Data collection and outcomes
We emailed all eligible participants an electronic survey designed using Qualtrics (Qualtrics Inc., Seattle, Washington) during a 4-week enrollment period. We sent reminders to non-respondents. We did not maintain individually identifying information and we did not solicit demographic information beyond the statuses described below to protect participant anonymity. A copy of the survey used can be found under Extended data 20 .
We examined all survey data using three participant outcomes: (1) first-generation American status, (2) first-generation college status, and (3) first-generation graduate school status.

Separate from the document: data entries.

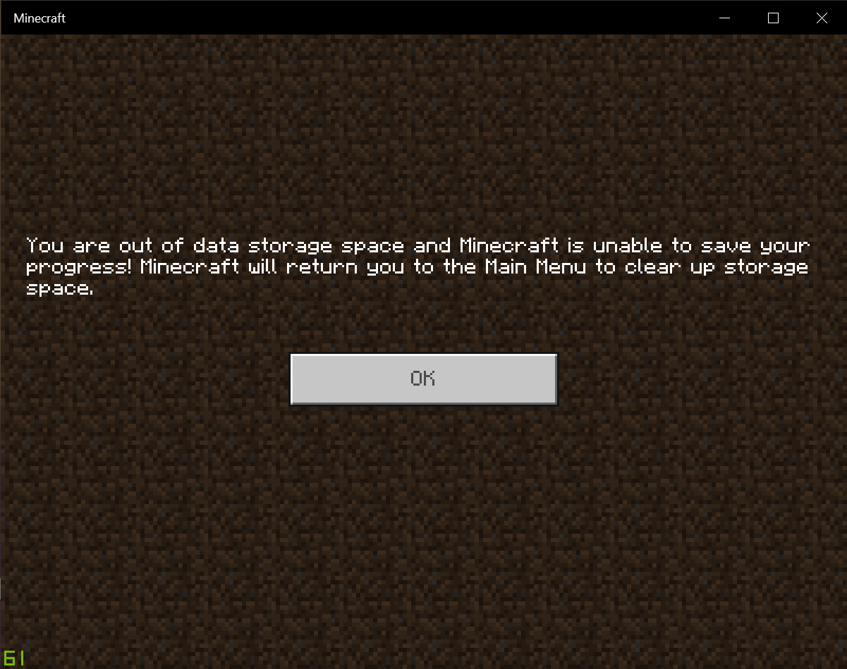 Even though I have enough storage, Minecraft says I don't It's also only that world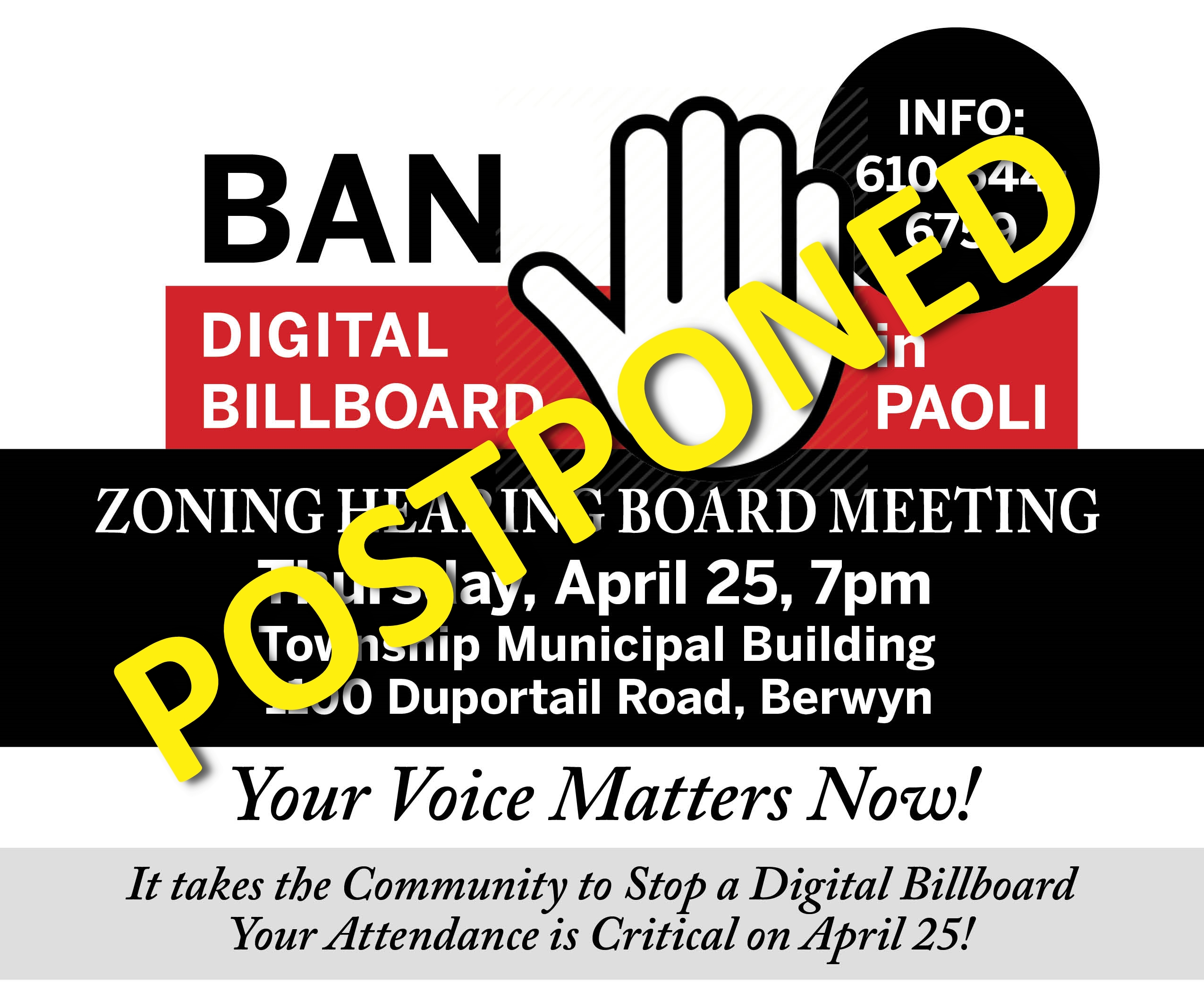 And just when I thought that the “Ban the Digital Billboard” signs were safe, I have learned that two were stolen from a resident’s lawn over the weekend – this was the third set of signs stolen from this specific property, just steps from her front door on Old Eagle School Road.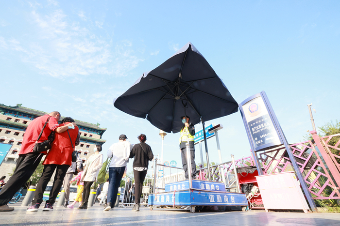 此外,张召龙说,由于这处警务岗亭非常显眼,南来北往的游客时常会向岗亭内的安保人员问路,“有的时候,各地的群众围在岗亭四周,一起向你问路。此时我们不仅要为群众耐心解答,还要时刻关注周围的安全情况,必须做到‘眼观六路,耳听八方’,确保服务群众的同时,还能确保群众一切平安。”

First-generation American status
“First generation” is sometimes defined by citizenship. For this study, we examined belongingness among participants who were in the first generation of their families to be born in the U.S. We asked students, “Are you a first-generation-born American or immigrant to the U.S.?” We categorized participants as either “Yes, first generation born in the U.S.”, “Yes, immigrant to the U.S.”, or “No”. We did not analyze data for immigrants to the U.S for this outcome because they did not meet our definition of first-generation American-born. This left two variables: “first-generation American” and “non-first-generation American.”
First-generation College status
“First-generation” is sometimes based on whether a student’s parents attended college, so we examined belongingness among participants who were in the first generation of their families to attend college. We asked students to report the highest level of education attempted by any parent. We categorized participants as either “no college” if their parents did not pursue a college degree or “college” if at least one parent completed a college course of any kind anywhere in the world. We considered participants in the “no college” cohort to be “first-generation college students.”

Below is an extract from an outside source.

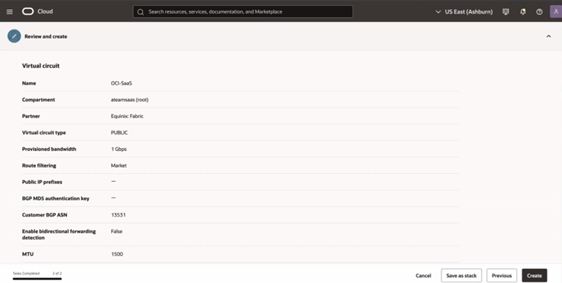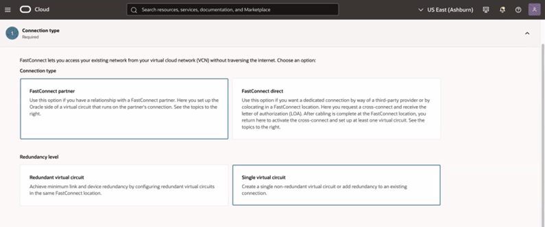 1. Navigate to Networking → FastConnect → Create Connection.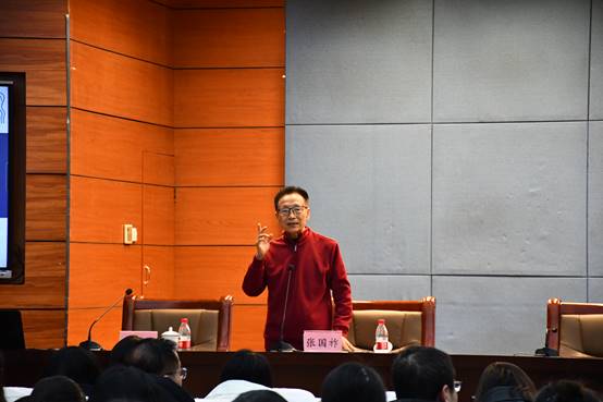 张国祚教授围绕进一步贯彻落实习近平新时代中国特色社会主义思想,通过剖析古今中外历史事实,系统论证了新时代推进文化软实力建设的紧迫性和重要性,认为文化软实力与其他硬实力同等重要,提出要从事关党的前途命运,事关国家长治久安,事关民族凝聚力和向心力的战略高度来认识文化软实力。他指出高校肩负文化传承发展的重要使命,广大教师要以习近平文化思想为指导,立足办学和人才培养实际,积极推进文化建设,为中国式现代化建设、中华民族伟大复兴提供更为深层、更为持久的支撑。张国祚教授认为高质量开展哲学社会科学研究,需要聚焦新时代发展主题,牢牢把握正确的政治方向,树立鲜明的问题意识,正确树立战略思维、底线思维、历史思维、系统思维、创新思维等,积极开拓研究思路和学术视野,为构建中国特色哲学社会科学作出贡献。

First-generation Graduate school status
Similarly, we examined belongingness based on a parent’s pursuit of a graduate degree. This is especially relevant in the context of medical school and belongingness as many students are the children of physicians, and those students are thought to have greater advantages in medical school because of their familiarity with the profession. Thus, we categorized participants as either “no graduate school” if their parents did not pursue graduate studies or “graduate school” if at least one parent completed a graduate course of any kind anywhere in the world. We considered participants in the “no graduate school” cohort to be “first-generation graduate school students.”
Analysis
For each of the three composite groups, we added corresponding item scores (Social [Q1-7], Academic [Q8-11], and Institutional [Q12-16]) into a single score for each individual participant. We then assessed the sums for differences between groups using a Mann-Whitney U-test. We did not use an item more than once in a composite group.
Results
Of the 405 eligible participants, 82 (20.2%) completed the survey. Of these, 39% (32/82) identified as “first-generation American students,” 23.1% (19/82) identified as “first-generation college students,” and 41.4% (34/82) identified as “first-generation graduate school students.”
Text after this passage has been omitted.